Discussões sobre o princípio da insignificância no crime de contrabando de cigarros

30/9/2023 às 18h49 - Karinny Leal
Divulgação Karinny Leal “A vinda destes cigarros ao Brasil funciona para auxiliar a manutenção do crime organizado”, explica a estudante Karinny Leal

O Código Penal vigente prevê dois crimes muito similares: o descaminho e o contrabando. O primeiro, disposto no artigo 334 do diploma legal, criminaliza aquele que burla o pagamento de impostos devidos.

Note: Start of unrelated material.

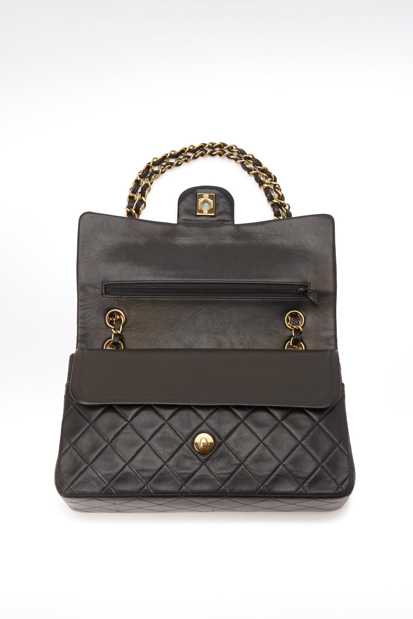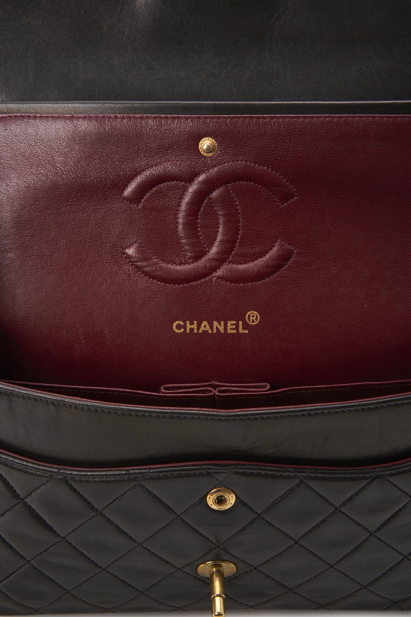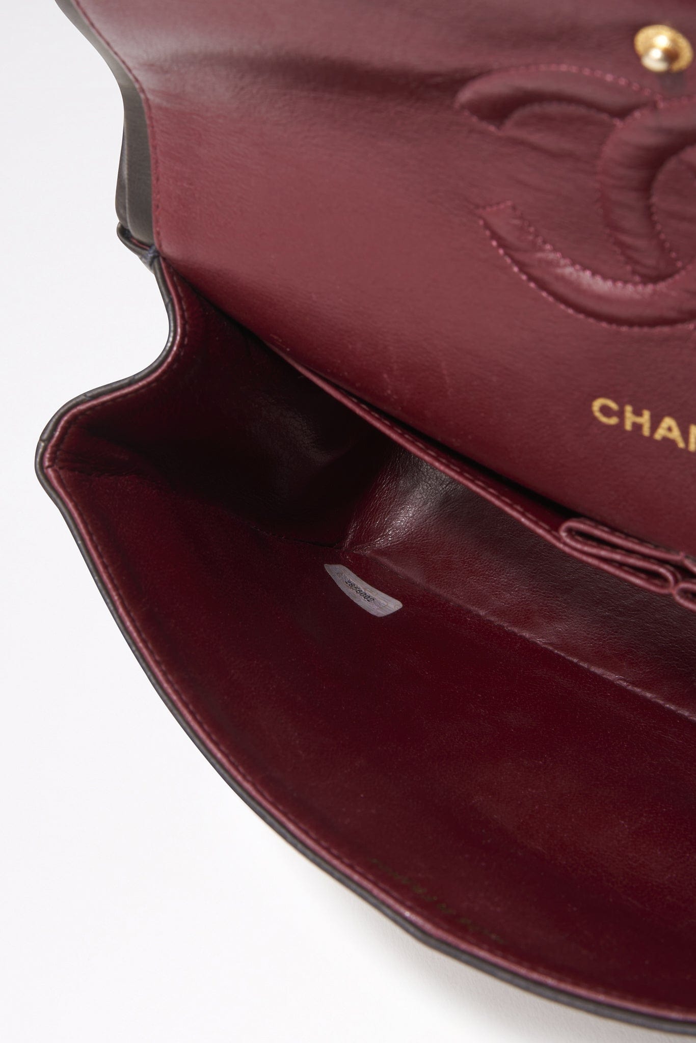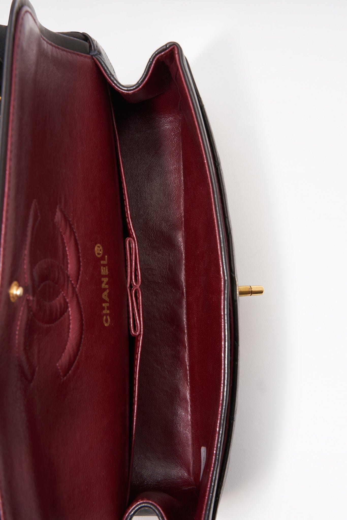 The hallmark on the CC turn lock confirms the gold hardware is plated in 24K gold, a real collectors item. Before 2008, Chanel Classic Flaps with gold coloured hardware (chains, clasps, grommets, and CC turn locks) were all plated in real 24K gold.

O segundo se refere ao contrabando, que trata do ato de importar ou exportar mercadoria proibida, como se nota da leitura do artigo 334-A do livro criminal supramencionado.

Estimado leitor, em se tratando de trazer cigarros do país vizinho (Paraguai), crime extremamente comum aqui no Noroeste do Paraná, região de fronteira, ambos os crimes são aplicáveis. Mas como diferenciar quando será um e quando será outro? Afinal, apesar da punição de ambos ser em reclusão, o contrabando é mais penoso que o descaminho, com aumento de um ano nas penas mínimas e máximas. Então, penalizar corretamente é crucial (importante) ao acusado.

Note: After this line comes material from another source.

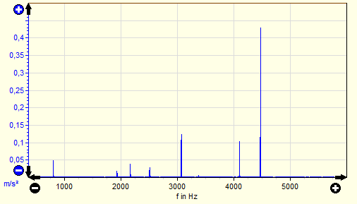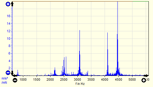 Ausschnitt aus dem Frequenzspektrum des Antwortsignals (Beschleunigungsaufnehmer). Es existieren deutlich sichtbare Frequenzlinien.

Salutar relatar que o consumo de cigarros no Brasil é permitido. É uma droga lícita que sofre restrições regulamentares. A exemplo, o artigo 600 do Regulamento Aduaneiro (Decreto número 6.759/2009) e o artigo 2º-D do Decreto-Lei número 1.593/1977, que vedam a importação de cigarros de marca não comercializada no país de origem. Pensando bem, vale o questionamento: se nem o país que produz “cigarrilha” permite sua comercialização, porque mexer (vender) no Brasil?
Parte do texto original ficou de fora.